Cite this article as:

TIAN Zhong-liang, YANG Kai, LAI Yan-qing, ZHANG Kai, LI Jie. Effect of sintering atmosphere on corrosion resistance of NiFe₂O₄ ceramic in Na₃AlF₆-Al₂O₃ melt [J]. Journal of Central South University, 2017, 24(9): 1929–1933.

Foundation item: Projects(51474238, 51334002) supported by the National Natural Science Foundation of China

Received date: 2016-03-22; Accepted date: 2016-05-16

Corresponding author: LAI Yan-qing, Professor; Tel: +86-13875851590; E-mail: cuslyqmelt@126.com

Abstract: A comparative study on the corrosion resistance of NiFe₂O₄ ceramic inert anode for aluminum electrolysis prepared in the different sintering atmosphere was carried out in Na₃AlF₆-Al₂O₃ melt.

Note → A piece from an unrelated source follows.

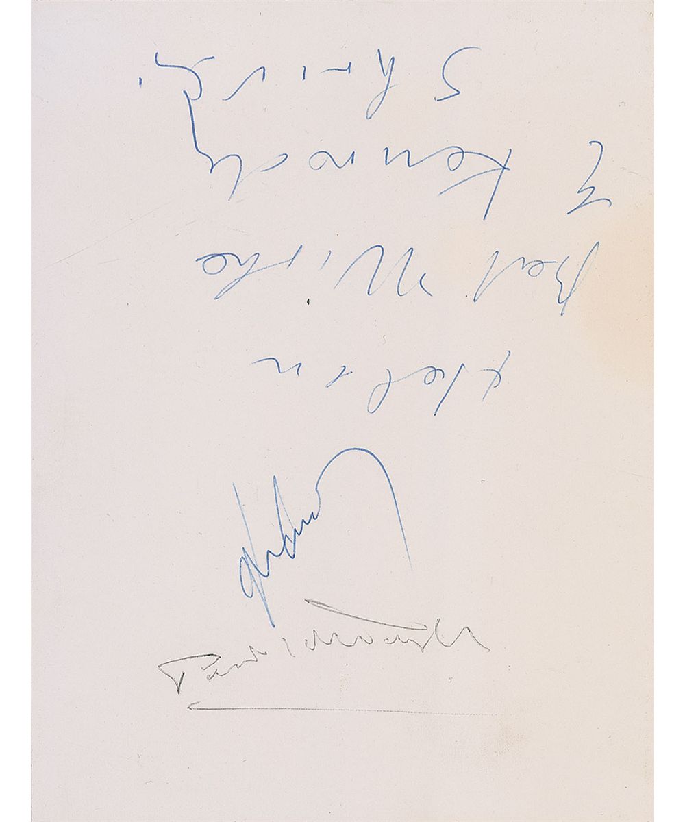 Ballpoint signature, “John Kennedy,” on an off-white 5.5 x 7 sheet, also signed and inscribed, “Helen, Best wishes, E. Kennedy Shriver,” and “Paul Douglas,” a senator from Illinois. In fine condition, with Eunice’s signature upside down.

The results show that the corrosion rates of NiFe₂O₄ ceramic inert anodes prepared in the vacuum and the atmosphere with oxygen content of 1×10^-2 are 6.08 cm/a and 2.59 cm/a, respectively. A densification layer is formed at the surface of anode due to some reactions which produce aluminates. For the anode prepared in the atmosphere with oxygen content of 1×10^-2, the thickness of the densification layer (about 50 μm) is thicker than that (about 20 μm) formed at the surface of anode prepared in the vacuum. The content of NiO and Fe(II) in Ni(II)_xFe(II)_1-xFe(III)₂O₄ increases with the decrease of the oxygen content of sintering atmosphere, which reduces the corrosion resistance of the material.